Um de seus pratos característicos, risoto em tinta de lula, linguiça salteada e tomates assados com espuma de parmesão é o "exemplo perfeito de sua cozinha que é ao mesmo tempo complexa e modesta, mas impecavelmente equilibrada".

“Celebrar o sucesso de Chefs mulheres que fazem história é muito importante. Junto à marca Veuve Clicquot, estamos orgulhosos de dar o prêmio para Hélène Darroze. Sua paixão e dedicação fazem com que ela seja considerada a melhor chef do mundo. Ela é uma inspiração para o futuro, para as mulheres que desejam entrar na área, mostrando que as habilidades, trabalho duro e paixão devem ser comemorados”, destaca William Drew, Editor do evento Os 50 Melhores Restaurantes do Mundo.
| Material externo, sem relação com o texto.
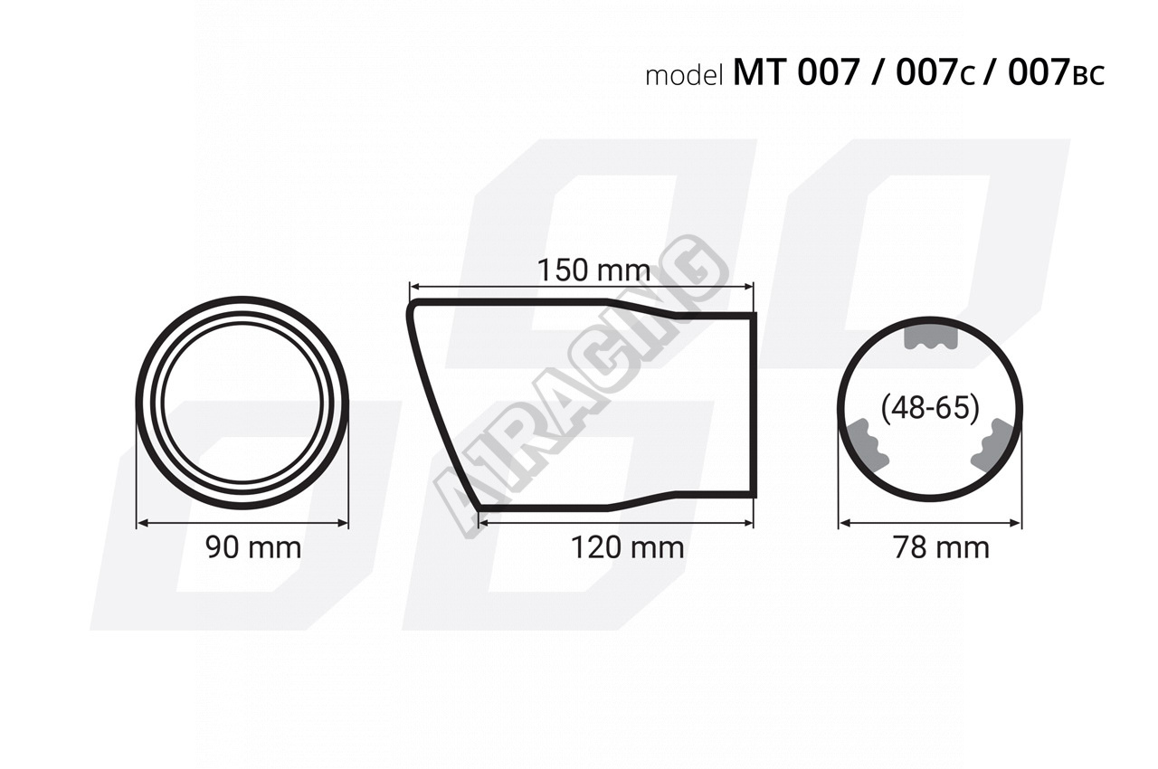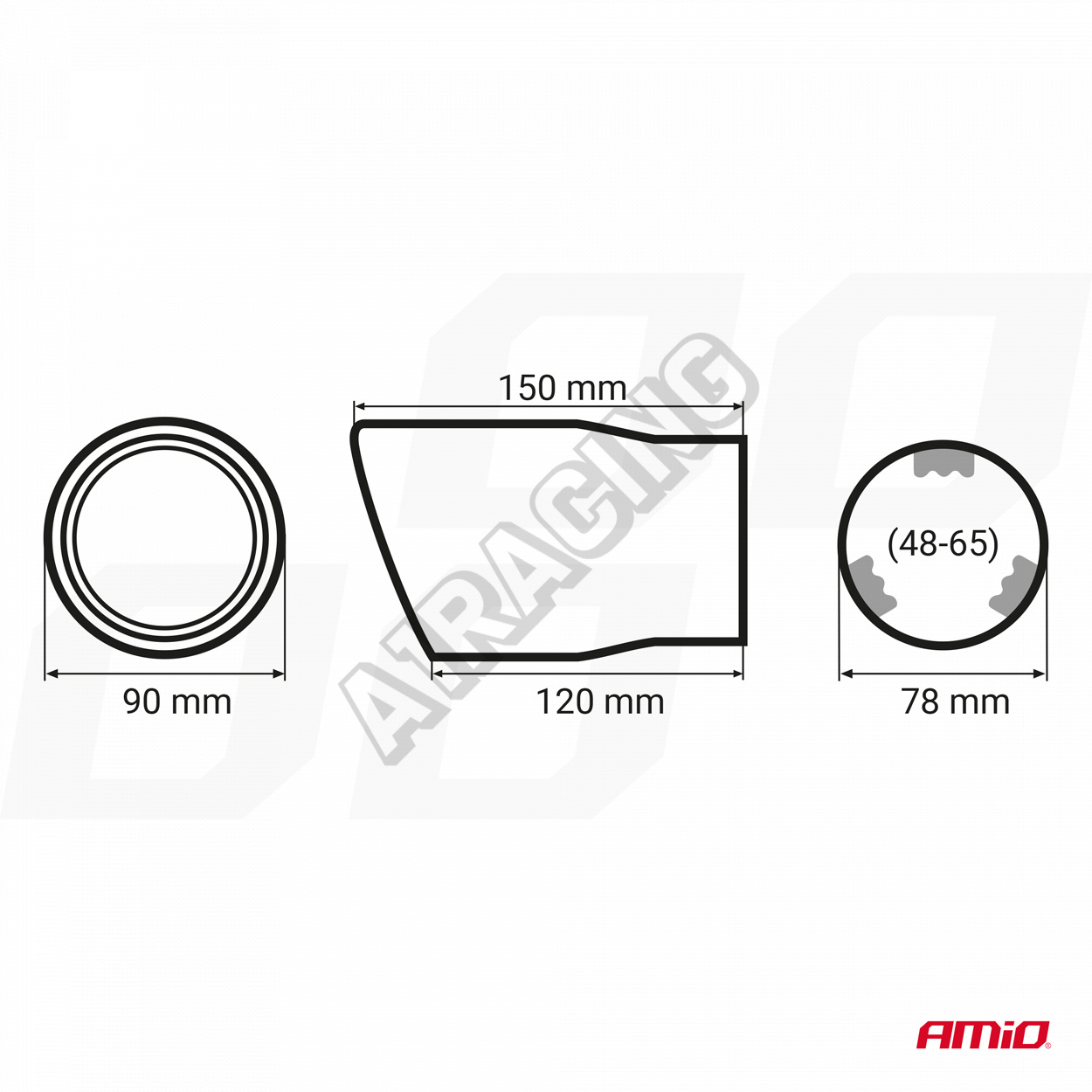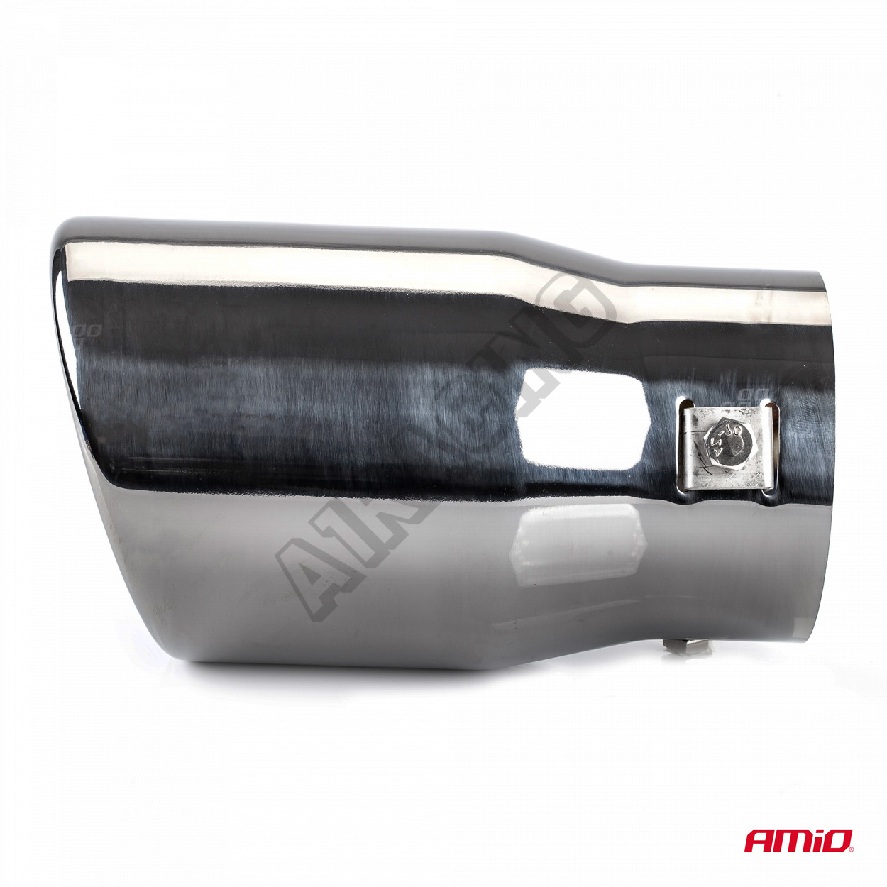 Efektné čierne prevedenie s perforáciou vo vnútri koncovky, dĺžka 130 mm, vonkajší priemer koncovky 90 mm - mierne šikmá, priemer pre uchytenie 43-62 mm na spony, ak by ste chceli koncovku navariť, tak môže byť použitá až pre priemer výfukovej rúry 63 mm,

Hélène Darroze já recebeu outros reconhecimentos, como a admissão na Legião de Honra francesa como Chevalier pelo presidente Nicolas Sarkozy em 2012. E sua figura e estilo inspirou o personagem da chef Colette no filme . Além disso, a chef é um membro do júri do programa Top Chef 2015 na França.

Darroze define seu trabalho como "uma oportunidade para dar prazer aos outros pelo instinto e emoção, através dos seus pratos. A chef tem uma rede de fornecedores, principalmente de sua terra natal, para nutrir a cozinha sazonal. "Respeito aos ingredientes, grandes sabores e trabalho duro. É a receita para a minha família", diz ela.

"Admiro muito todas as ganhadoras e me sinto emocionada de fazer parte deste grupo. Sinto-me muito honrada por ter recebido este prêmio, pois imagino como é difícil escolher apenas uma entre tantas chefes talentosas que existem no mundo", disse a francesa. A chef sucedeu o trono da brasileira Helena Rizzo do restaurante Maní de São Paulo, que venceu em 2014.

A entrega no prêmio acontecerá no dia 1º de junho em Londres durante a cerimônia de apresentação do evento “50 Melhores Restaurantes do Mundo”,organizado anualmente pela revista britânica Restaurant.